Friday, February 22, 2013

Just Posted at StencilGirlProducts.com -- my Stencil "Kaleid"

I'm dying to finish my first attempt at one of the techniques for stencil-use presented at Cindy Powell's blog --

http://cynthiapowell.blogspot.com/

-- but while my bottom coat of paint dries, I'll post two techniques for using Kaleid, the latest of my stencil designs (listed under "New Stencils") posted at www.StencilGirlProducts.com --

Below is a "ghost print" (the second print) I created using Kaleid and a Gelli Printing Plate.
There is a lot of online instruction on this type of monoprinting...

Using stencils is one way in which to use a Gelli Printing Plate or a homemade gelatin printing plate.   

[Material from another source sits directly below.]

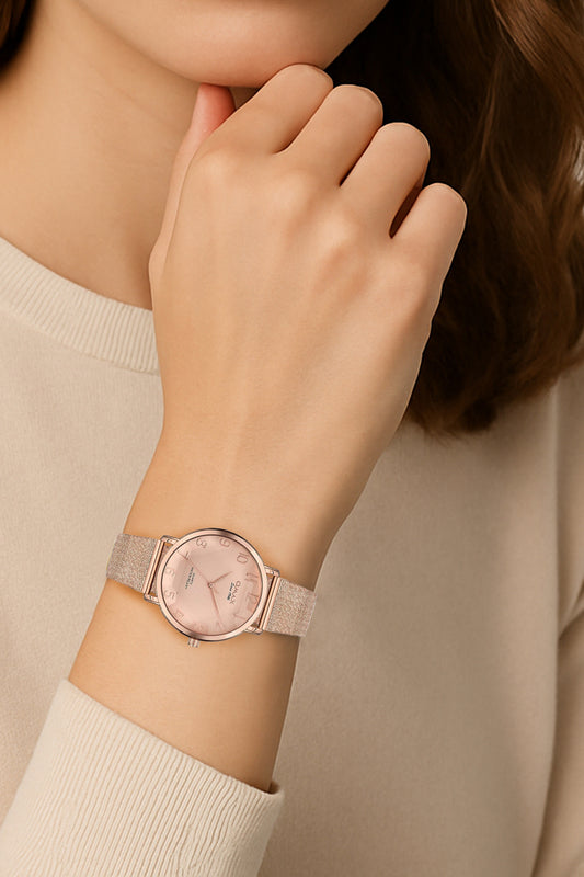 OMAX Women's Analog Rose Gold Dial Watch with Elegant Rose Gold Bracelet Strap - Stylish and Timeless- SPM02R58I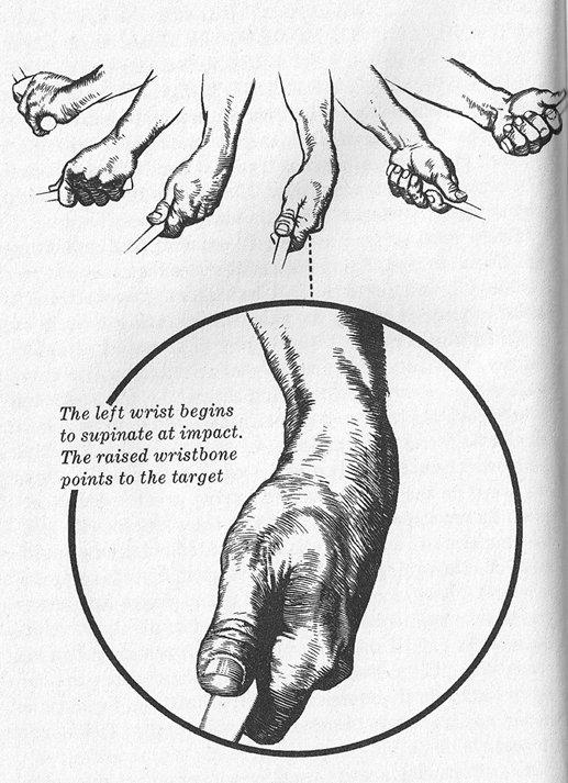 벤호건의 스윙교본책에 릴리스시 왼손의 손목모양..

Videos and other tutorial information can be found at these web addresses: 

Homemade Gelatin Printing Plates: 

http://printmakingwithoutapress.blogspot.com/2012/07/new-gelatin-printing-video-by-linda.html  (Note:  This video uses a variation of the technique I use.  The video mistakenly uses the word "stencil" -- and means to use the word "mask."   However, this technique-variation is worth a try -- using an actual stencil.) 

http://printmakingwithoutapress.blogspot.com/p/gelatin-printing-tips.html

(Note:  Lots of helpful info is on the above web page, if you are using a homemade gelatin printing plate.) 


http://cedarcanyontextiles.com/gelatin-printing-with-stencils-lesson-7/

(Note:  The above web address explains using stencils and gelatin printing plates with fabric.) 

youtube.com/watch?v=KRUMcgXK4UY

(Note:  In the above demo, the artist uses slow-drying acrylic extender mixed with her acrylic paints.  This is a common practice among printmakers.  Other options include "open acrylics" and printmaking inks; the latter come in oil-based versions and water-based versions.) 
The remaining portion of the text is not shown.